Un entorno así, que permita al pueblo participar activamente en las decisiones, democratizará y fortalecerá aún más al Estado. Un Estado más democrático constituirá la base del gran impulso de desarrollo y crecimiento que hemos anhelado durante años.

'Crearemos juntos una administración transparente y responsable ante la nación, que es la verdadera dueña del Estado'.

Todo esto es posible con un sistema parlamentario liberal, pluralista y democrático. Para no volver a entregar nuestro país a los deseos y ambiciones de una sola persona, debemos establecer mecanismos de control y equilibrio, diversificar los canales de participación de nuestros ciudadanos y construir una separación de poderes clara y definitiva. Haremos todo esto mediante una revolución de justicia y democracia. Crearemos juntos una administración transparente y responsable ante la nación, que es la verdadera dueña del Estado.

Con la revolución de justicia y democracia que llevaremos a cabo, aumentaremos la capacidad de nuestros jóvenes para competir con todos sus pares en el mundo.

Evitaremos la emigración de nuestros jóvenes al extranjero, que es el mayor "problema de supervivencia" al que se enfrenta nuestro país hoy en día.

Convertiremos a nuestros hijos, a quienes hemos criado y formado durante años con los recursos de esta nación, en soldados que sirvan a su propio pueblo y no a otras naciones. No solo los liberaremos y fortaleceremos dentro del país; los convertiremos en los actores fundamentales de la construcción de un Estado democrático y fuerte. Porque una sociedad pacífica y próspera, junto con ciudadanos iguales y libres, solo cobra vida a través de un Estado democrático y fuerte.

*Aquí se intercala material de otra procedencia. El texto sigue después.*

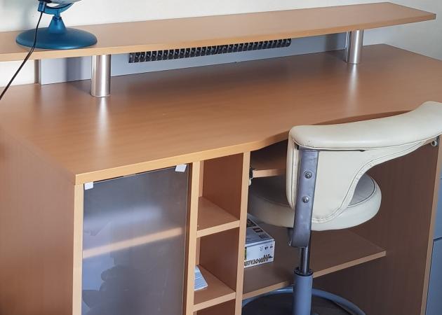 Chambre lumineuse de 12m2 avec porte-fenêtre donnant sur balcon. Lit 90x190, placard penderie, bureau, meuble de rangement.

La garantía y el seguro de todo esto es una democracia pluralista de nueva generación, donde se lleve a cabo una competencia justa y civilizada.

Es por eso que nuestra nación se ha levantado y ha iniciado la revolución democrática. Nuestra nación está en pie con los dolores de parto de una nueva vida.

Está en pie para proteger con una democracia fuerte a la República, que traerá paz, prosperidad y justicia.

Esta noble nación, que renace de sus cenizas en cada adversidad, está en pie para un nuevo nacimiento.

Viviremos una revolución que liberará y enriquecerá a nuestra nación, hará que nuestro país dé un salto hacia adelante en la carrera de la civilización y hará que nuestro Estado vuelva a ser respetable, confiable y fuerte. Una revolución en la que nadie pierda y en la que cada ciudadano se sienta libre, feliz y respetado. Que nadie se preocupe, esos días están cerca. ¡Y mucho más cerca de lo que se piensa!"